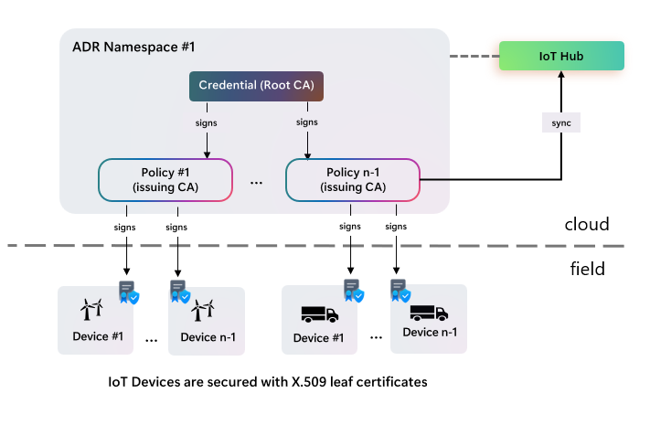 IoT Hubs that are linked to an ADR namespace can take advantage of certificate management capabilities. You can sync your CA certificates from ADR namespace to all of your IoT Hubs, so that each IoT Hub can authenticate any IoT device that attempts to connect with issued certificate chain.
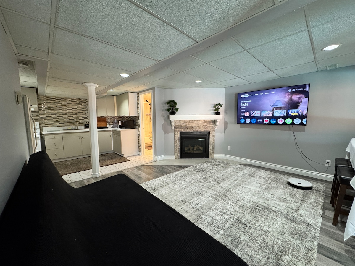 Dobro došli u svoj dom, daleko od doma! Ovaj podrum ima privatni ulaz i novoizgrađen je sa kupatilom i kuhinjskim sadržajima, prostranim dnevnim boravkom, unutrašnjim i spoljašnjim trpezarijama i udobnom spavaćom sobom. Uživajte u modernim pogodnostima kao što su Wi-Fi i televizor od 50"sa potpuno plaćenom pretplatom na Netflix. Vaša pogodnost je naš prioritet, sa označenim parking mjestom na prilazu za goste. U blizini se nalaze popularni restorani kao što su švajcarska planinska kuća, DQ itd.
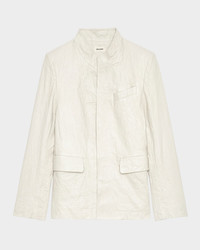 - Zadig & Voltaire "Veryn" jacket crafted from crumpled genuine leather in a unique silhouette - High neckline - 3/4 sleeves - Chest welt pocket - Two flap pockets - Hip length - Open closure - Leather - Leather method dry cleaning - Imported
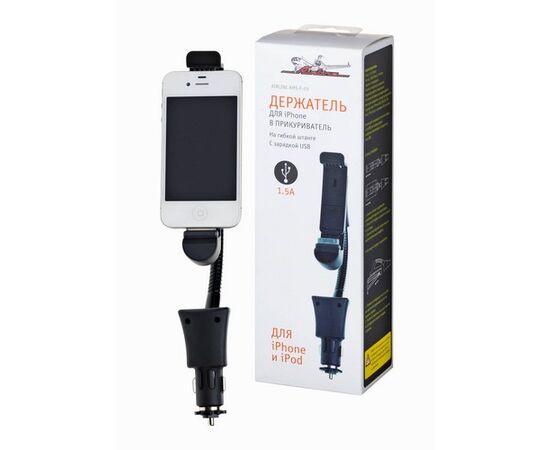 Держатель для iPhone в прикуриватель на гибкой штанге с зарядкой (AMS-F-03)
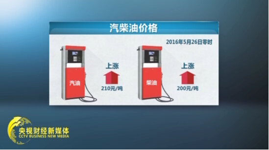 央視財經記者從國家發改委獲悉,5月26日0點將上調國內汽柴油限價,汽油每噸上調210元、柴油每噸上調200元。
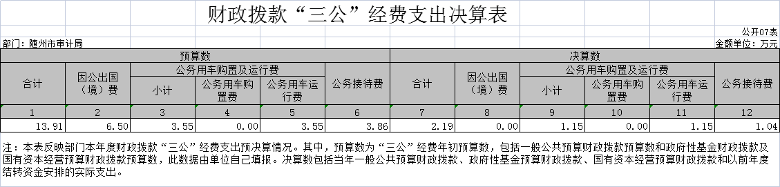 七、財(cái)政撥款“三公”經(jīng)費(fèi)支出決算表(公開(kāi)表07表)
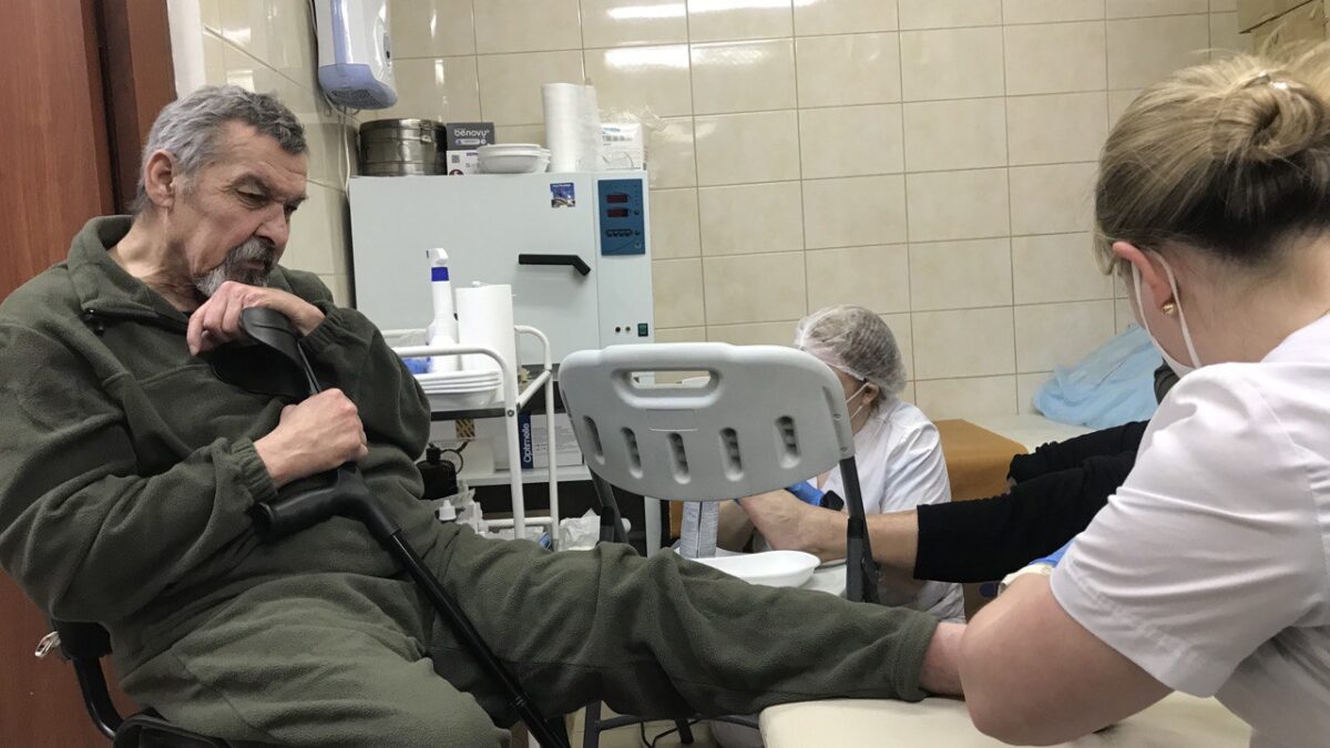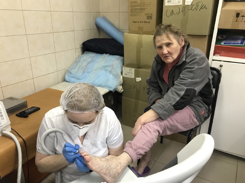На первом этаже приюта находятся инвалиды-колясочники. К ним диаподолог Яна спустилась сама и на месте сделала педикюр.

# # # # #

◆ ABOUT THIS EXERCISE:
Give every line above again exactly, with no pictures.

◆ ANSWER TO THE EXERCISE:
 IoT Hubs that are linked to an ADR namespace can take advantage of certificate management capabilities. You can sync your CA certificates from ADR namespace to all of your IoT Hubs, so that each IoT Hub can authenticate any IoT device that attempts to connect with issued certificate chain.
 Dobro došli u svoj dom, daleko od doma! Ovaj podrum ima privatni ulaz i novoizgrađen je sa kupatilom i kuhinjskim sadržajima, prostranim dnevnim boravkom, unutrašnjim i spoljašnjim trpezarijama i udobnom spavaćom sobom. Uživajte u modernim pogodnostima kao što su Wi-Fi i televizor od 50"sa potpuno plaćenom pretplatom na Netflix. Vaša pogodnost je naš prioritet, sa označenim parking mjestom na prilazu za goste. U blizini se nalaze popularni restorani kao što su švajcarska planinska kuća, DQ itd.
 - Zadig & Voltaire "Veryn" jacket crafted from crumpled genuine leather in a unique silhouette - High neckline - 3/4 sleeves - Chest welt pocket - Two flap pockets - Hip length - Open closure - Leather - Leather method dry cleaning - Imported
 Держатель для iPhone в прикуриватель на гибкой штанге с зарядкой (AMS-F-03)
 央視財經記者從國家發改委獲悉,5月26日0點將上調國內汽柴油限價,汽油每噸上調210元、柴油每噸上調200元。
 七、財(cái)政撥款“三公”經(jīng)費(fèi)支出決算表(公開(kāi)表07表)
На первом этаже приюта находятся инвалиды-колясочники. К ним диаподолог Яна спустилась сама и на месте сделала педикюр.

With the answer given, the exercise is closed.